The funds returned to the treasury were part of 5.1 billion pesos ($100 million) earmarked for the Marawi Recovery, Rehabilitation and Reconstruction Program under the 2018 national budget. About 4.4 billion pesos ($86.5 million) had been released as of Dec. 31, 2019.
Meanwhile, thousands who fled Marawi remain in evacuation centers or with relatives. They have appealed to the government to speed up rehabilitation efforts and allow them to return home.
Haroun Alrashid Lucman Jr., a former regional vice governor, said the government had failed to deliver on its promises.
“We are now seriously planning to bring our people back to their homes with or without government consent,” Lucman said.
“Government failure leaves us with no other choice. What our people see now is a government depriving them of their basic rights,” he said.
Drieza Lininding, the leader of a group of young professionals, academics and activists called the Moro Consensus Group of Marawi, slammed the funding delays.
“This proves that the problem really lies in the bureaucracy of the government. But it is us, the displaced, who continue to pay the price of incompetence by those handling the rehabilitation,” Lininding told BenarNews.
He said many displaced residents have expressed anger but can do next to nothing more than two years after the militants were defeated on Oct. 23, 2017.

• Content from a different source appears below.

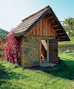 Při rekonstrukci nebylo možné vynechat tu šindelovo-eternitovou střechu. Její půdorys se sice po požáru zmenšil na obdélník čtrnáct a půl metru na osm, ale na štípaný šindel přesto nebyly finance. Levnější řezaný vypadal taky dobře. Ale hodně se prodražil. Už za pět let začal hnít. „Nevěřili byste tomu, ale trvanlivější byl i ten původní ohořelý. Pojďte se podívat,“ vede nás Petr k zadnímu štítu chalupy, který je tím starým kvalitním dřevem částečně obložen. „Natírali ho močůvkou, která má, jak je zřejmé, protipožární vlastnosti.“

“A lot have been suffering and many can’t get assistance from the government. But the saddest part is, there’s a lot of money,” Lininding said of the returned funds.
Bai Darangen, a Muslim student leader at the Mindanao State University, said those involved in the rehabilitation process should be held accountable for the delays.
“If it was handled right, many residents would have benefitted,” she said.
Jeoffrey Maitem in Cotabato City, Philippines contributed to this report.